Beyond 'Fortress America'
The national security controls that regulate access to and export of science and technology are broken. As currently structured, many of these controls undermine our national and homeland security and stifle American engagement in the global economy, and in science and technology. These unintended consequences arise from policies that were crafted for an earlier era. In the name of maintaining superiority, the United States now runs the risk of becoming less secure, less competitive, and less prosperous. The report Beyond 'Fortress America': National Security Controls on Science and Technology in a Globalized World (2009) provides an account of the costs associated with building walls that hamper our access to global science and technology, dampening our economic potential. The book also makes recommendations to reform the export control process, ensure scientific and technological competitiveness, and improve the nonimmigrant visa system that regulates entry into the United States of foreign science and engineering students, scholars, and professionals.

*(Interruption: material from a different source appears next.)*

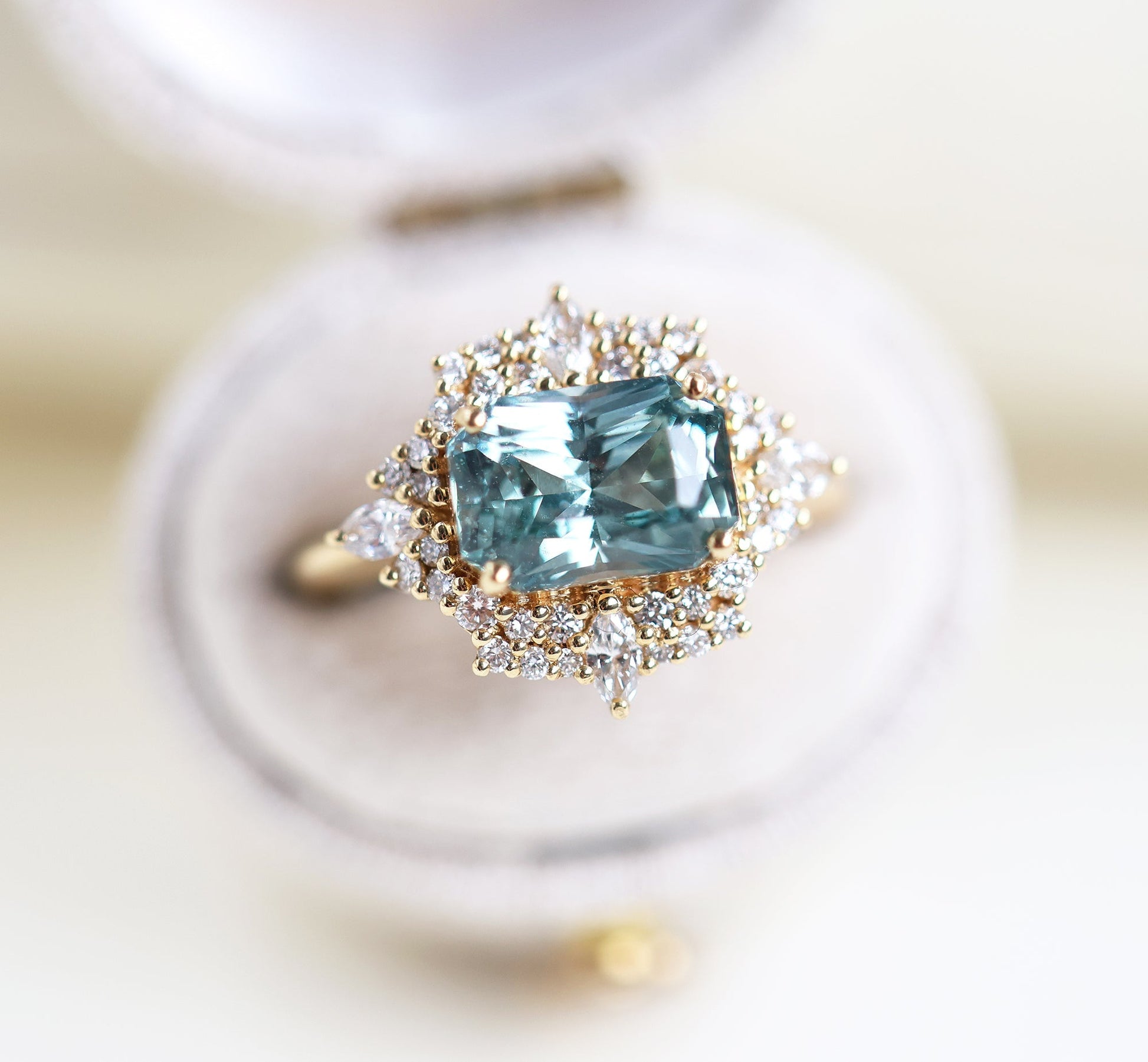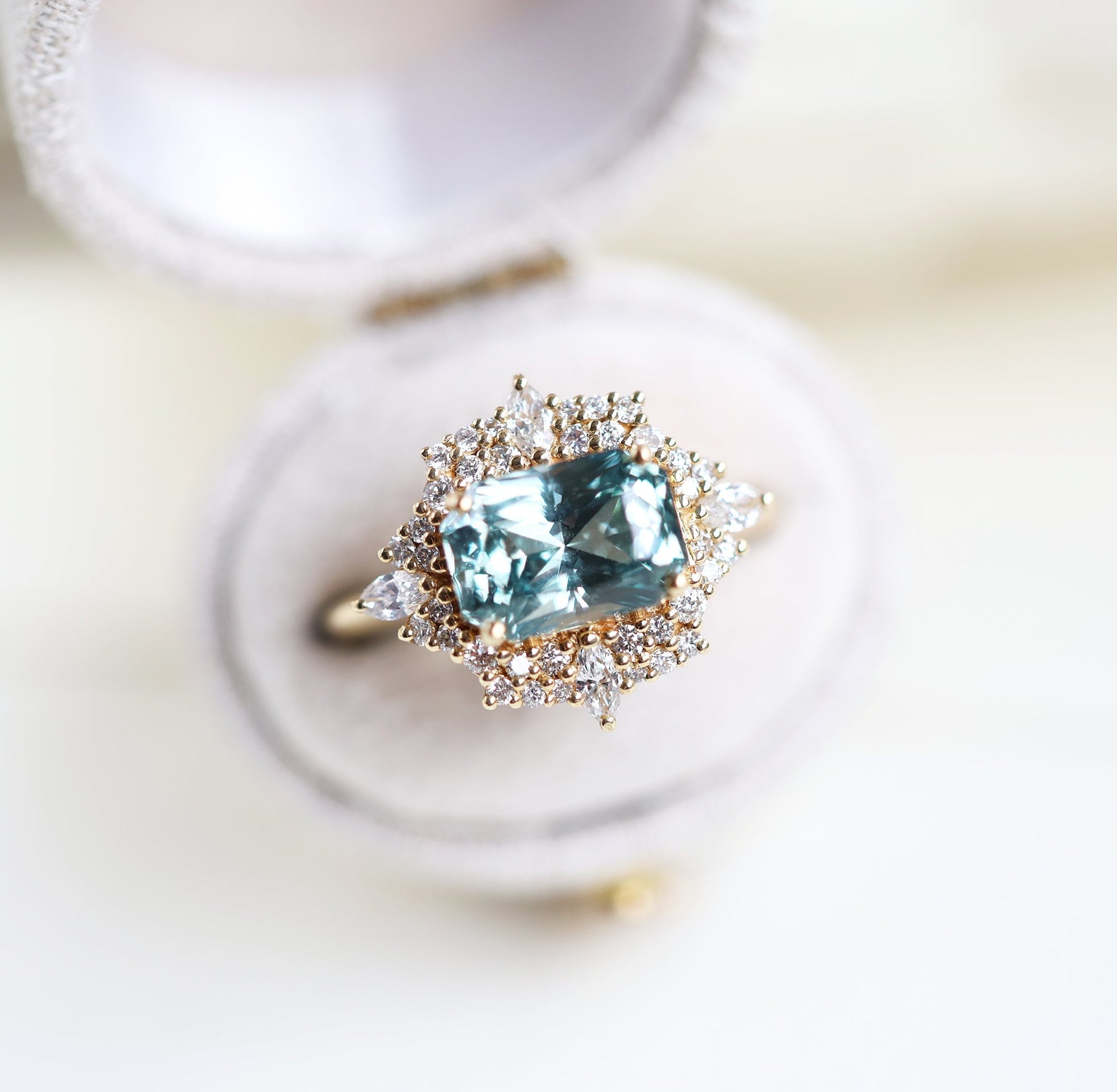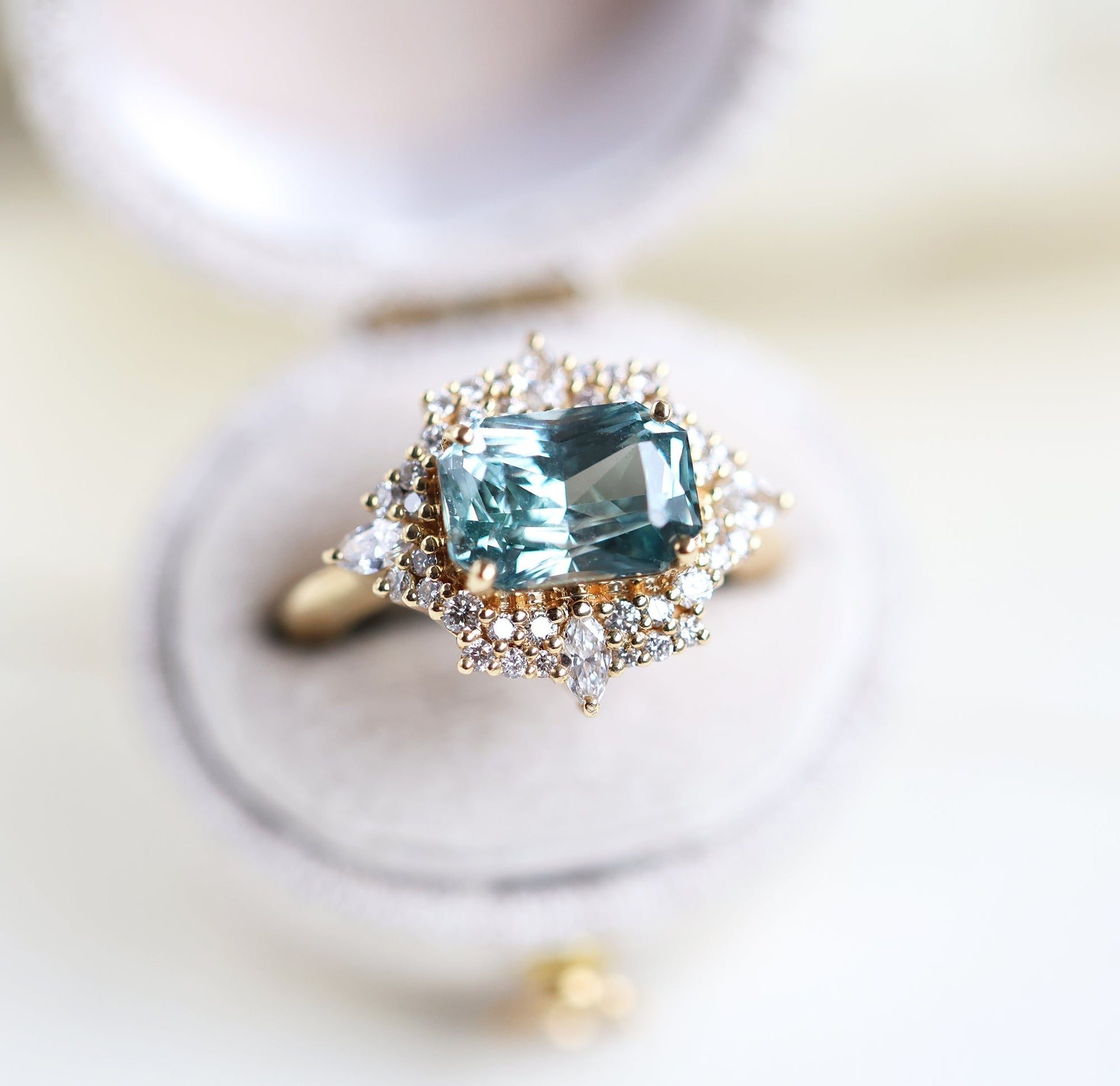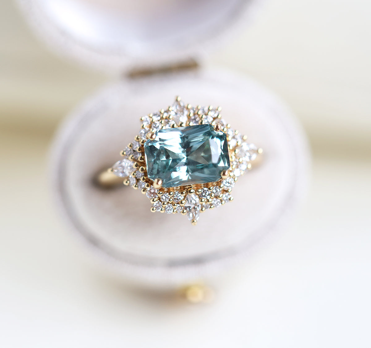 Mint safirov dijamantski prsten sa halo dijamantima

Science and Security in a Post 9/11 World
As concerns about threats and terrorist activities have become global, so has the rapid transfer of information and communication.The confluence of the globalization of business and the revolution in information storage and transmittal has changed the landscape upon which to build national and international security. This requires a reexamination of the security measures developed during the days of the Cold War to assess whether those tools are still appropriate and to determine how they are affecting the current science and technology enterprises. The report Science and Security in a Post 9/11 World (2007, PDF 1.3 MB) undertook this effort.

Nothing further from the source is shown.